Hindistan'da; Pakistan, Afganistan ve Bangladeş'ten gelen 6 dini gruba vatandaşlık yolunu açan, ancak aynı durumdaki Müslüman göçmenleri kapsam dışı bırakacak şekilde değiştirilen "Vatandaşlık Yasası"na karşı protestolar esnasında başkent Yeni Delhi’nin kuzeydoğusundaki bazı bölgelerde Hindu grupları ve Hint güvenlik güçleri işbirliğiyle Müslümanlara karşı kitlesel bir linç girişiminin başlatıldığı, ev ve iş yerlerinin basıldığı, camilerin ateşe verildiği ve Müslümanların can ve mal kayıpları yaşadığı haberleri dünya basınında yer almıştır.

BM İnsan Hakları Yüksek Komiseri Michelle Bachelet, BM İnsan Hakları Konseyinin 43'üncü oturumunda; “yasanın büyük endişe kaynağı olduğunu, diğer gruplar tarafından Müslümanlara yönelik saldırılara karşı polisin harekete geçmediğine ve barışçıl protestoculara karşı polisin aşırı güç kullandığına dair gelen haberlerden endişeliyim” dediğini bilmekteyiz.

Bu Bağlamda;

  1. Vatandaşlık Yasasının çıkartılması ve sonrasında yaşanan gelişmelerle ilgili Müslüman halkın siyasal ve sosyal haklarıyla ilgili Türkiye Cumhuriyeti herhangi bir diplomatik temasta bulunmuş mudur?
  2. Yaşanan gelişmeler üzerine Bakanlığınızca Hindistan devlet yetkilikleriyle resmi herhangi bir görüşme yapılmış mıdır?
  3. Hindistan’daki vatandaşlarımız yaşanan hadiselerden etkilenmiş midir?
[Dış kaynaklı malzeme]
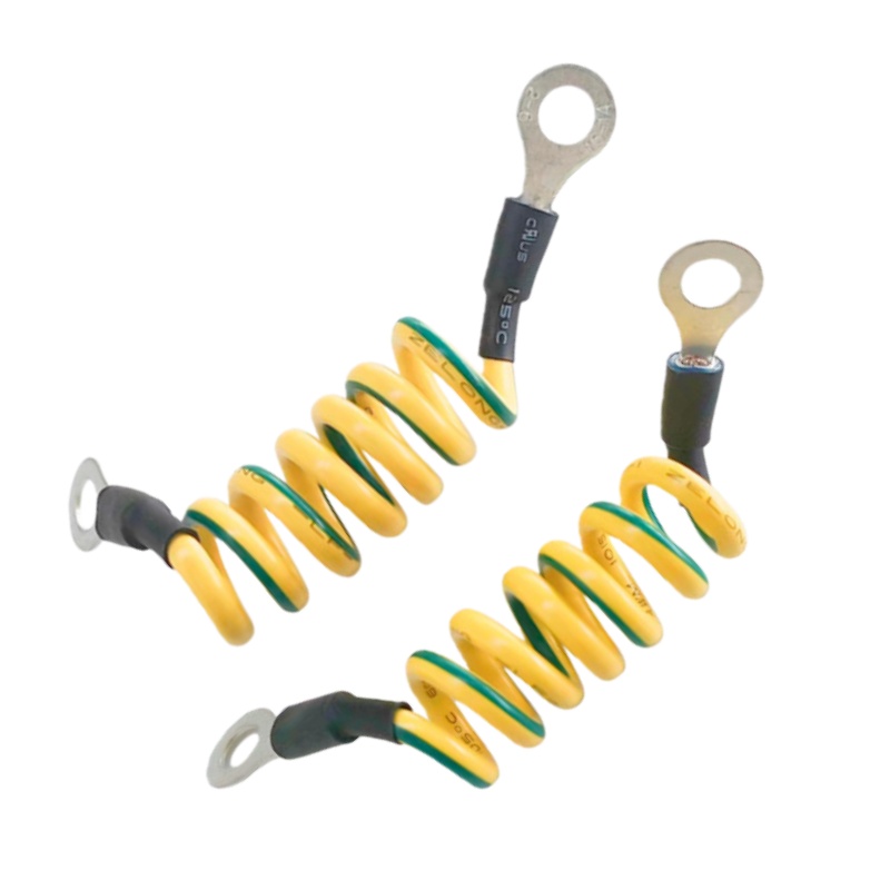 Yellow-green PV Solar Energy Spring Cable, Slingshot Cable, Grounding Cable / Energy Storage Cable with RV5.5 Terminals on Both Ends, Specialized for Energy Storage Applications
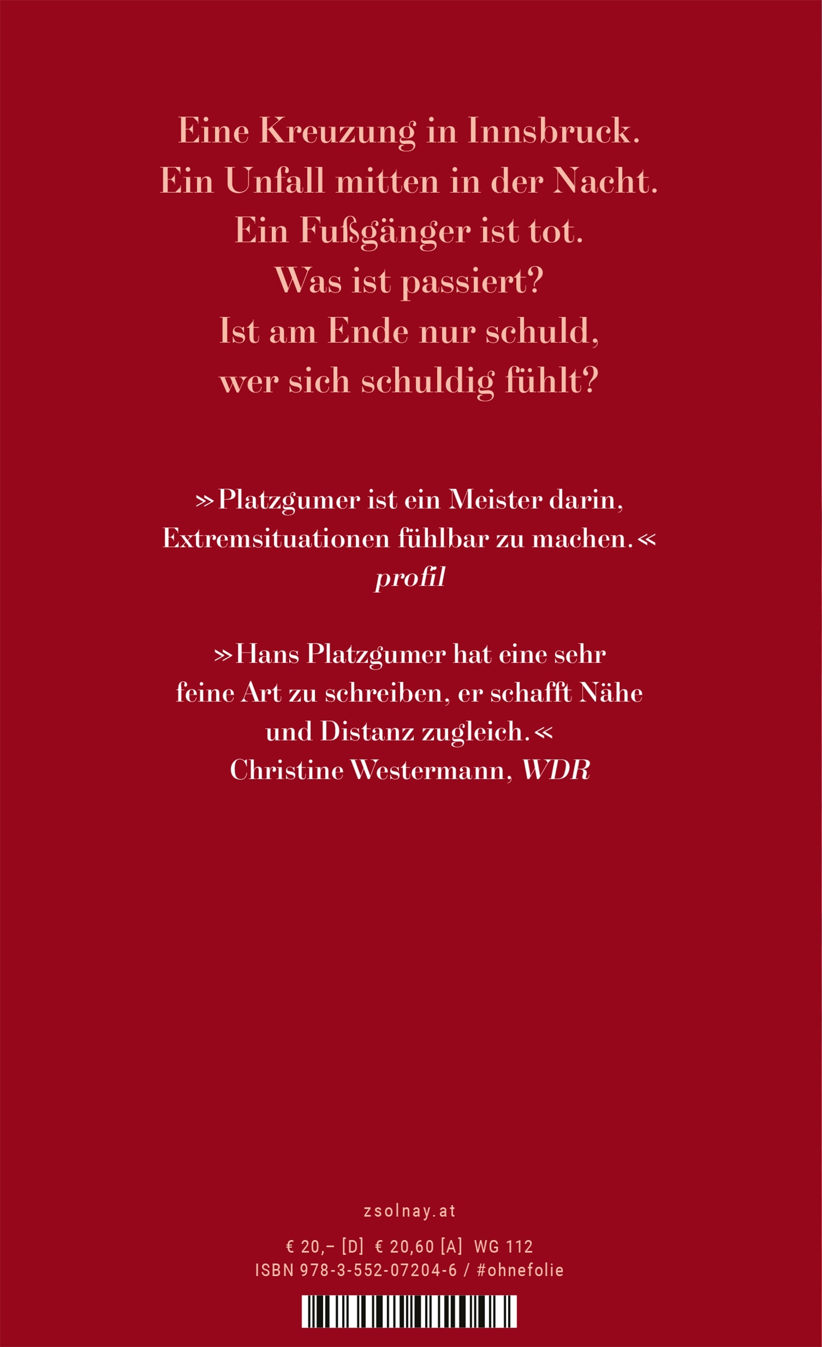 Hans Platzgumer ist ein Meister darin, Extremsituationen fühlbar zu machen (Profil). Der Autor von Am Rand fragt in seinem neuen Roman: Ist am Ende nur schuld, wer sich schuldig fühlt? Eine Kreuzung in Innsbruck. Ein Unfall mitten in der Nacht. Ein Fußgänger i...
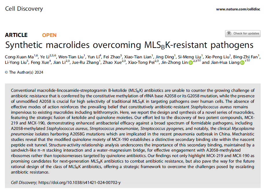 论文信息:Cong-Xuan Ma#, Ye Li#, Wen-Tian Liu, Yun Li, Fei Zhao, Xiao-Tian Lian, Jing Ding, Si-Meng Liu, Xie-Peng Liu, Bing-Zhi Fan, Li-Yong Liu, Feng Xue, Jian Li, Jue-Ru Zhang, Zhao Xue, Xiao-Tong Pei, Jin-Zhong Lin*, Jian-Hua Liang* Synthetic macrolides overcoming MLSBK-resistant pathogens. Cell Discovery, 2024, 10(75)DOI: 10.1038/s41421-024-00702-y
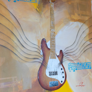 Junto com a pintura O Clarinete... Fiz mais duas de mesmas proporções, técnica e materiais. Um violão e um contrabaixo, na mesma temática, mesma paleta de cores e mesma sinergia. Conheça abaixo.
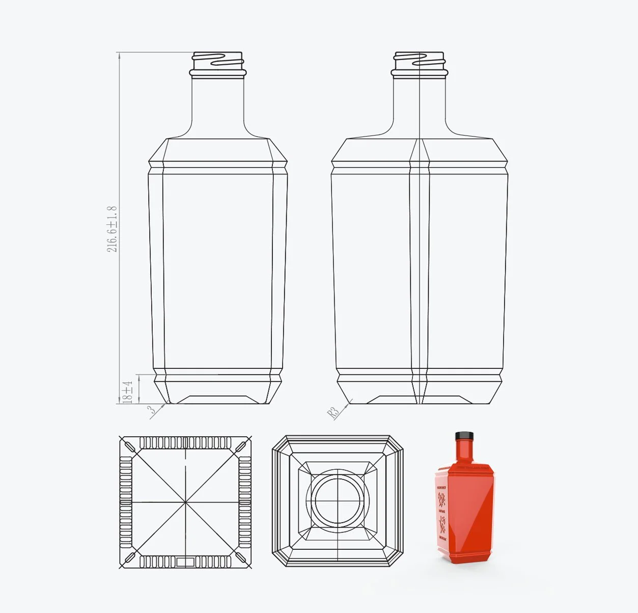 Core range bottles are screen printed by the bottle manufacturer after the bottles are formed and shorter run editions utilise the same clear bottle with a printed label applied at the distillery providing a flexible system for different production numbers. Custom 50mL glass esspresso cups with metal tear top provide a unique format for counter top sales in stores.
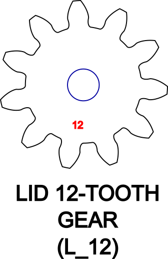 over the dowel , engaging with the 12-tooth gear,
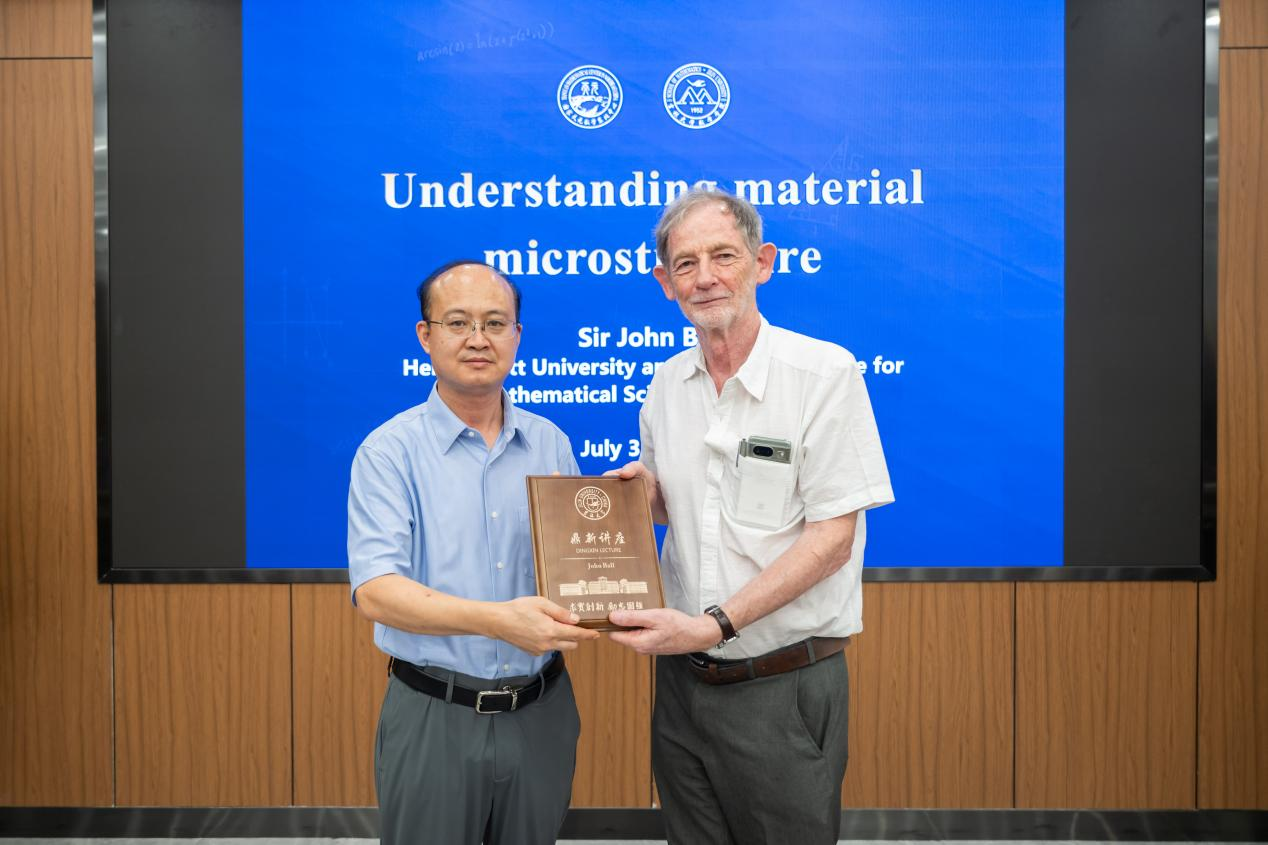On July 31, 2024, Sir John Ball, Fellow of the Royal Society, Academician of the European Academy of Sciences, Fellow of the American Mathematical Society, Fellow of the Royal Society of Edinburgh, Foreign Member of the French Academy of Sciences, and Foreign Member of the Norwegian Academy of Science, delivered a lecture at Jilin University’s Dingxin Lecture Series. Titled "Analyzing Microstructures in Materials," his talk provided cutting-edge academic insights and inspiration to Jilin University faculty and students. Professor Zhang Guoxing, Vice President of Jilin University, attended the lecture and presented the "Dingxin Lecture Commemorative Plaque" to Professor John Ball.
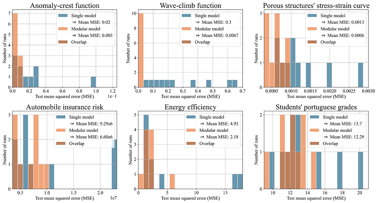 Figure 7. Histograms illustrating the test mean squared error (MSE) of single and modular model for ten runs with each of the six selected datasets. The higher the bars on the left side, the better the performance.
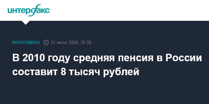В 2010 году средняя пенсия в России составит 8 тысяч рублей
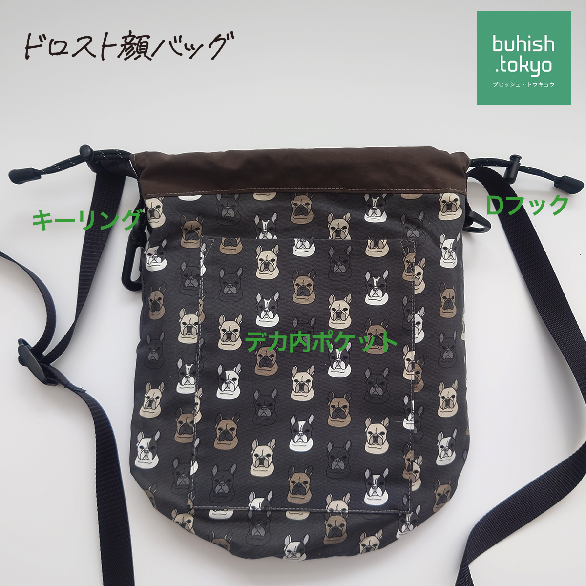 フレンチブルドッグのお顔がモチーフの、斜め掛けできるショルダーバッグです。
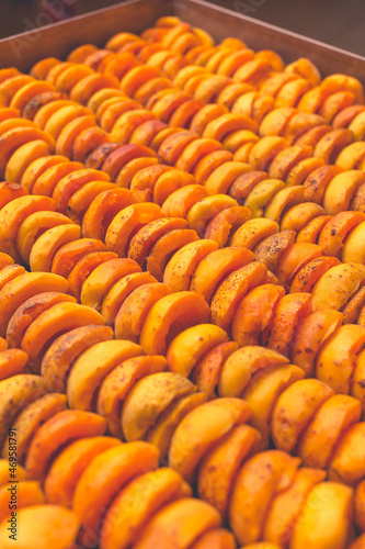 © BearOK, Fototapeta premium The process of home cooking dried fruits in an electric dryer.
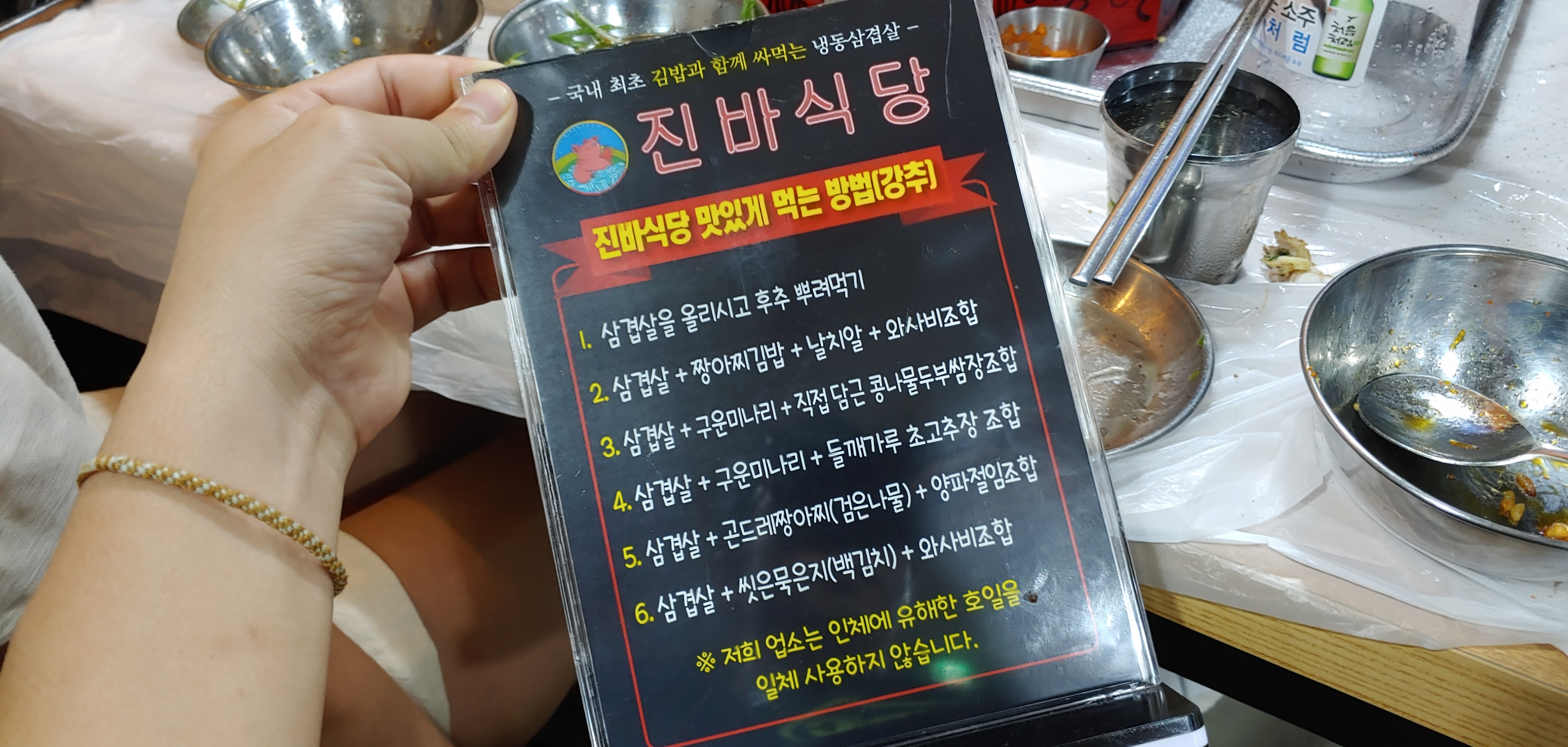 2019년 7월 어느 더운 여름날. 우리는 19금 Talk를 위해 7월 19일 금요일 19시에 만나기로 했다. 과연 우리가 19금 이야기를 할지는 모르겠지만, 우선 만나기로 했다. 사전 투표를 해서 결정한 곳은 "진바 식당" 마지막으로 언제 냉동 삼겹살은 먹은 지 기억도 나지 않았다.
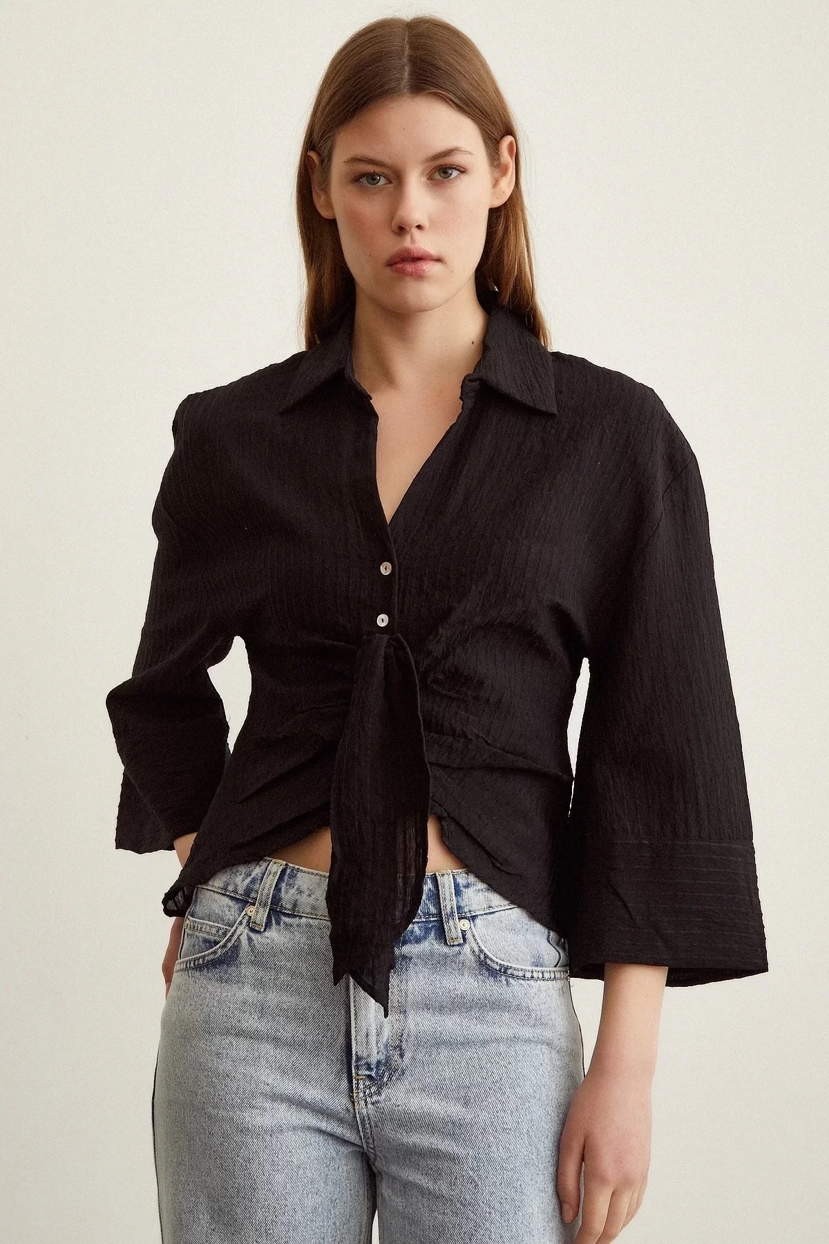 ÖNÜ BAĞLAMALI DOKULU ÇİZGİLİ VİSKON GÖMLEK – SİYAH
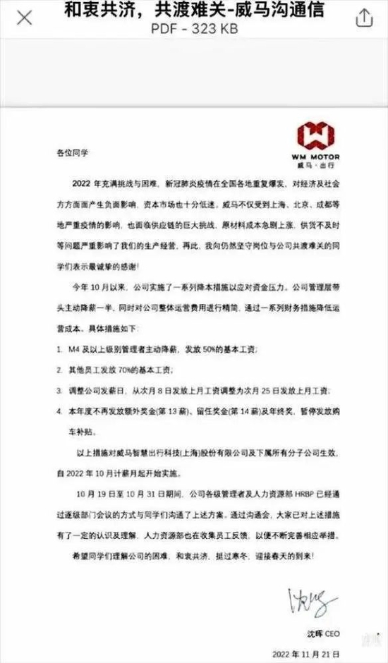 11月21日,网上流出了一份威马汽车CEO沈晖发布的内部信,透露了威马正在执行的整体降薪计划。
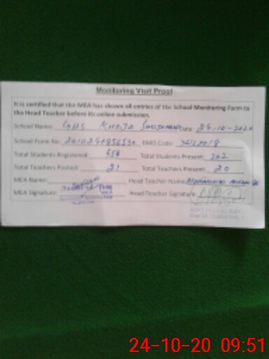 | EMIS Code: 36120018 | Name of School: GHS KHOJA P.O. KHOJA TEH. SHUJABAD DISTRICT MULTAN | |||
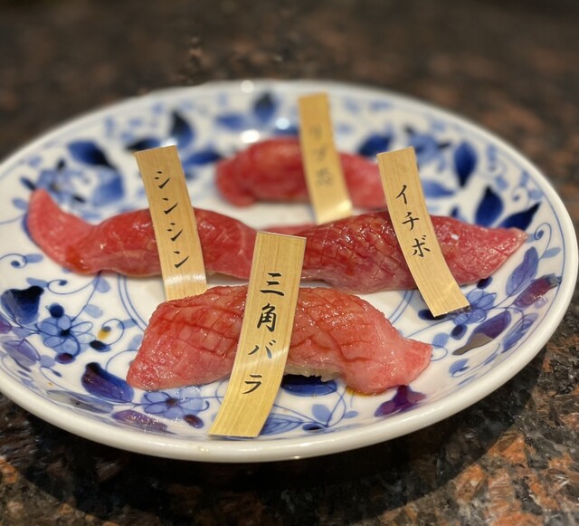 〈寿司〜4選シンシン・リブ芯・三角バラ・イチボ〉 と 〈牛茶漬け〉までしっかり楽しむことができました。

Olaylardan etkilenen vatandaşlarımız Bakanlığınızca takip ediliyor mu?
  4. Yaşanan olayların sebeplerini tespit etmek, olaylar esnasında yaşanan can ve mal kayıpları ve genel bilançoyu tespit etmek üzere çalışan organize bir biriminiz mevcut mudur?